Hopefully, tomorrow's PCE data will be an excuse for a rally in the metals, but if that rally doesn't appear, I'm more concerned about what happens to the miners at this point as it potentially dawns on longs that the quick recovery everyone was looking for (myself included) fails to appear. As long as the metals and GDX remain below their 5 dma's, the bears remain in charge.
You can often get an outsized aftershock effect in the miners if the metals lead the way to the downside. The same works on the upside too, and we saw this to some extent as the metals lead the miners up back in Q4 of 2025.

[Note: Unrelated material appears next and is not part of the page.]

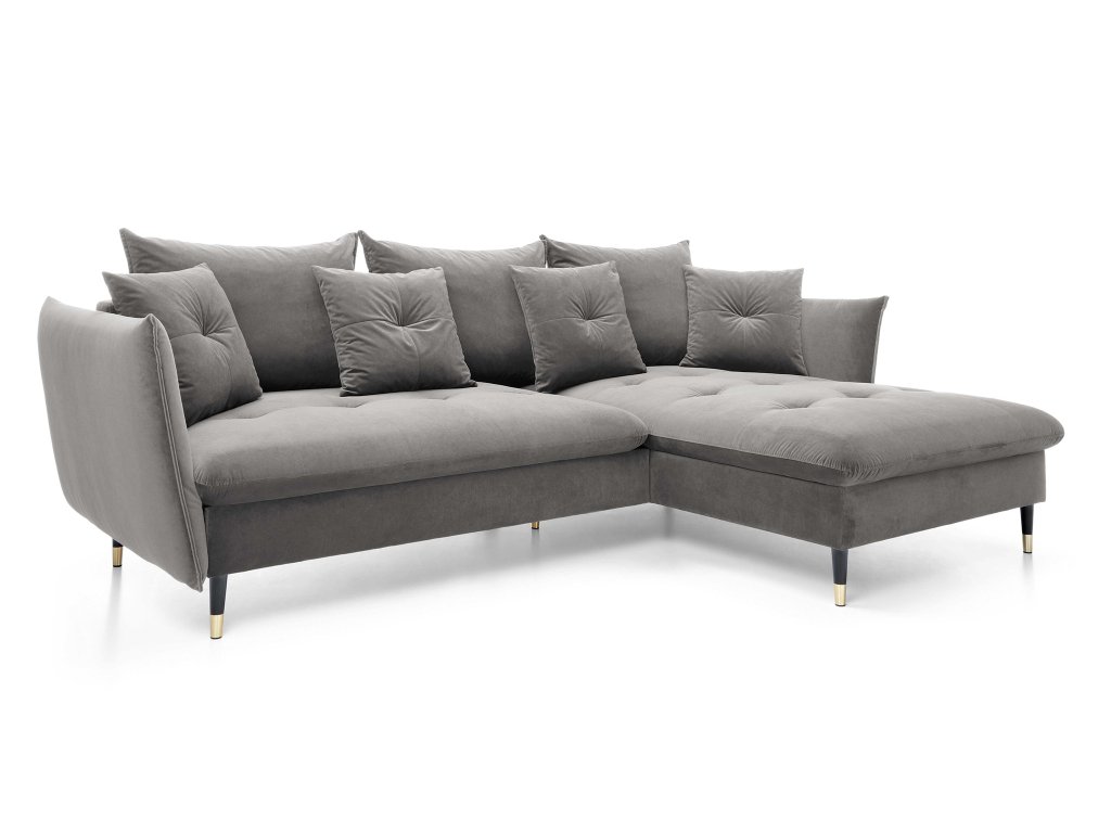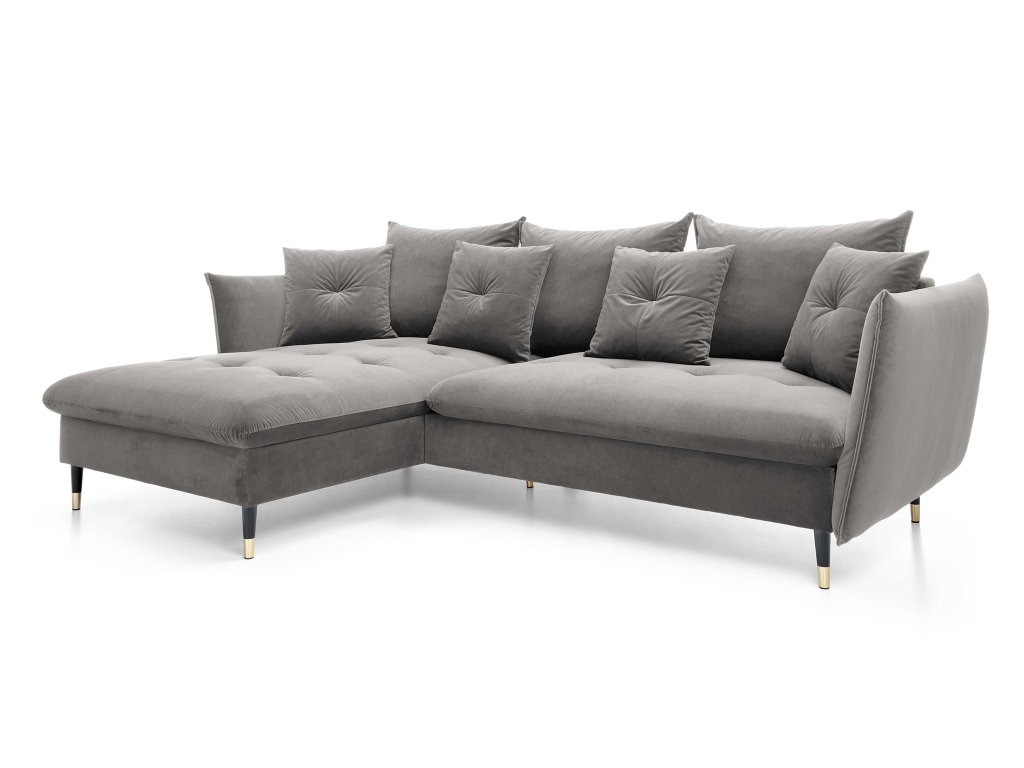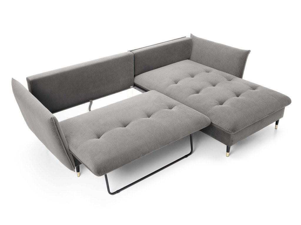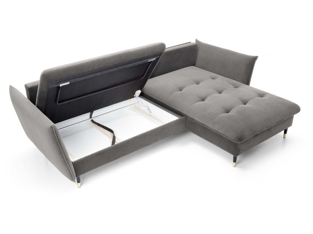 A GLAM L alakú kárpitozott kanapé gyönyörű designnal, kényelmes párnákkal, fekete-arany lábakkal és praktikus ágyneműtartóval rendelkezik. A sarokkanapé Önt és minden vendégét is leveszi majd a lábáról. Ez a gyönyörű ülőgarnitúra négy elegáns színben is elérhető: bézs, zöld, kék és szürke, így ki tudja választani azt, amelyik a legjobban illik az otthonába. A kihúzható kanapé bársonyos Riviera szövettel kárpitozott, amely nem csak kellemes tapintású és puha, de nagyon könnyen tisztán is tartható. Falista hullámrugókból és PUR habból készül, melynek köszönhetően optimális kényelmet és alátámasztást biztosít a pihenéssel eltöltött órákban. A szétnyitható kanapé ráadásul tágas felnyitható ágyneműtartóval is rendelkezik, amely az ülőfelület alatt kapott helyet. Tökéletes helyet biztosít az ágyneműnek, párnáknak, plédeknek. A sarokkanapé elegáns és praktikus kiegészítő minden otthonba. A GLAM ágyazható kanapé szétnyitott állapotban egy 139 x 224 cm méretű fekhellyel rendelkezik. Így ez nem csak egy egyszerű L alakú kanapé, de egy praktikus vendégágy is. A szétnyitható funkciónak köszönhetően ideális mindazok számára, akik gyakran fogadnak vendégeket vagy akik a nappaliban is kényelmesen fekve szeretnek tévézni. Igazán kecses és elegáns fekete-arany fém lábakkal rendelkezik, amelyek biztosítják az igazán luxusos kinézetét és a stabilitását. A GLAM modell két variációban is elérhető: jobbos és balos verzióban, melynek köszönhetően bármelyik nappaliban megállja a helyét.
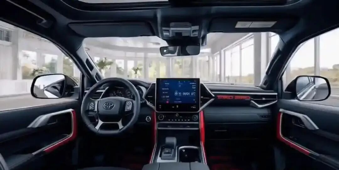 内饰方面,全新丰田红杉 TRD Pro 采用了实用化的座舱设计,中控台大面积软质材料包裹,搭配红黑拼接带 TRD 刺绣的座椅,翻毛皮材质质感在线,实体按键布局清晰,盲操作十分便捷,14 英寸中控屏搭载丰田最新车机系统,支持无线 CarPlay 与 360 度全景影像,标配 14 扬声器 JBL 音响,日常使用体验出色。只是内饰豪华感不足,相比同价位豪华 SUV 质感略有差距。

Another thing to keep in mind is that the miners have been benefiting from a stock market tailwind from equities melting up too. If that changes, and the H&S tops in the SPY and QQQ suggest it may be changing, that will add downside pressure. Note the breakdowns in the XME and COPX today along those lines as well.
My gold model remained on a Tier 3 BUY for a fourth session, but the buy signal was pretty much trounced by sellers. This signal will work eventually, but if it's after the metals fall another 10 percent, it's obviously not very helpful. Again, sometimes the low probability event happens.
Positions: Short SPY, QQQ, MDY, and IWM. Long DBA, IBIT, and STRC. These longs are long-term holds. If I was trading them like I do the metals and miners, I would have punted them long ago, because they show no sign of turning yet.
Metals: I flattened out on the bounce after the equity open and went home in cash to lick my wounds. Tomorrow is a new day.